◆ Task requirements ◆
Exactly as written, set down each line of the data below except its pictures.

◆ Information supplied ◆
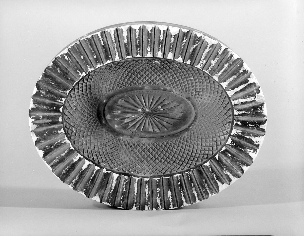 This plaster-of-Paris mold has intaglio decoration in a diamond pattern. Molds such as this were used to make other, more durable molds out of metal, which glassmakers used to make pressed glass. This mold and the other glassmaking implements were found in the cellar of the Union Glass Works, Somerville, Massachusetts, which had probably bought the objects from a glassmaker in Sandwich, an active glassmaking center during the nineteenth century.
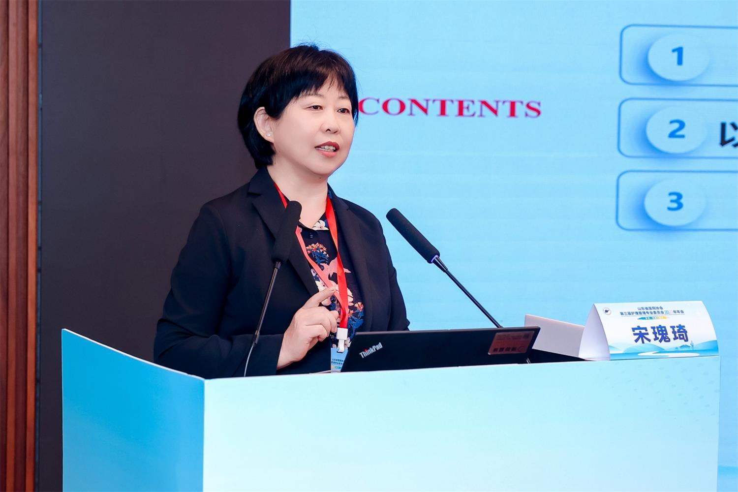 山东大学齐鲁第二医院护理部主任王晓云以“守正创新·中西并重”为主题,介绍了综合医院中西医协同护理服务体系的构建。她从破局之道、创新实践、深化应用、多维成效等方面展开阐述,为综合医院中西医协同发展提供了经验借鉴,有助于提高中医药服务能力与患者满意度。
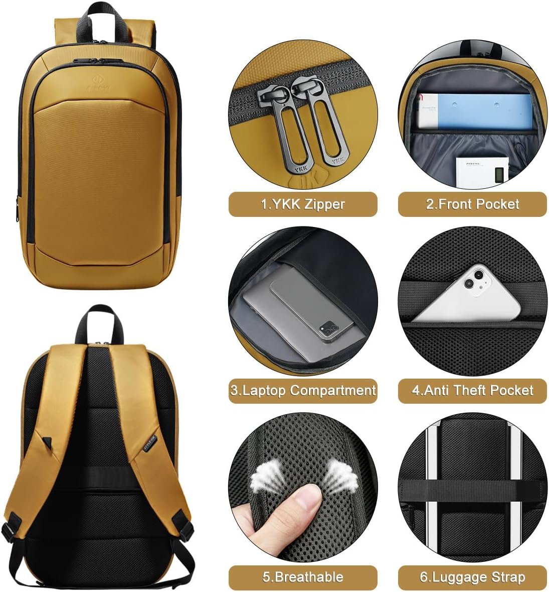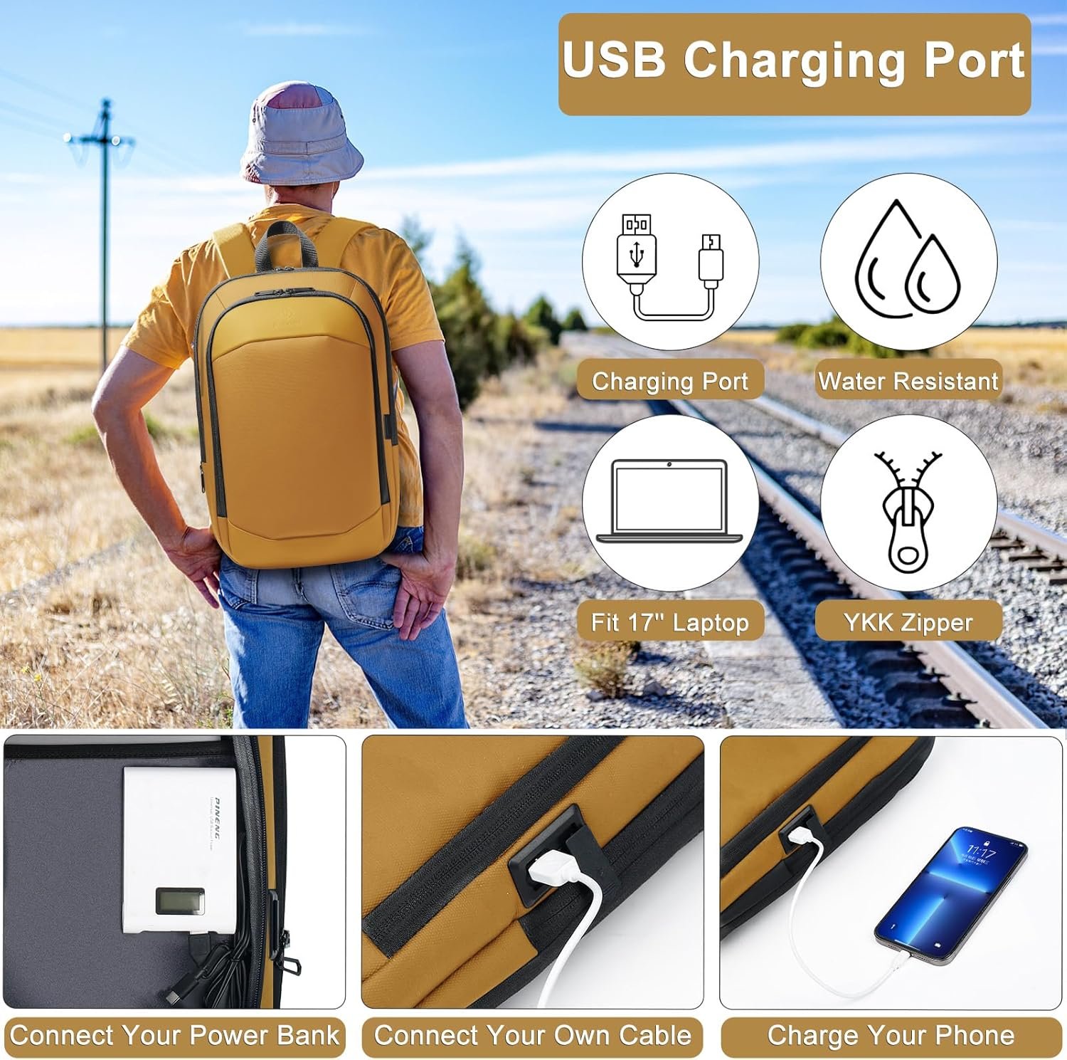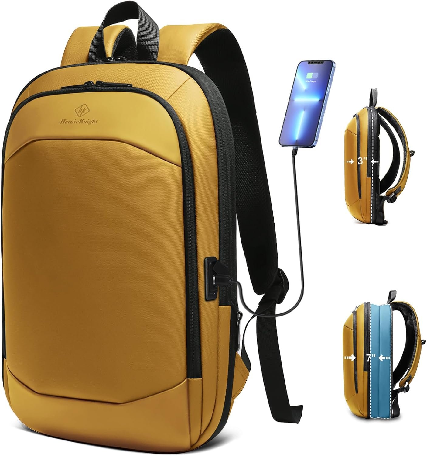 hk Business Backpack for Men 17 Inch,Slim & Expandable Waterproof Travel Laptop Backpack with USB Charger Port (Yellow)

◆ Result ◆
 This plaster-of-Paris mold has intaglio decoration in a diamond pattern. Molds such as this were used to make other, more durable molds out of metal, which glassmakers used to make pressed glass. This mold and the other glassmaking implements were found in the cellar of the Union Glass Works, Somerville, Massachusetts, which had probably bought the objects from a glassmaker in Sandwich, an active glassmaking center during the nineteenth century.
 山东大学齐鲁第二医院护理部主任王晓云以“守正创新·中西并重”为主题,介绍了综合医院中西医协同护理服务体系的构建。她从破局之道、创新实践、深化应用、多维成效等方面展开阐述,为综合医院中西医协同发展提供了经验借鉴,有助于提高中医药服务能力与患者满意度。
 hk Business Backpack for Men 17 Inch,Slim & Expandable Waterproof Travel Laptop Backpack with USB Charger Port (Yellow)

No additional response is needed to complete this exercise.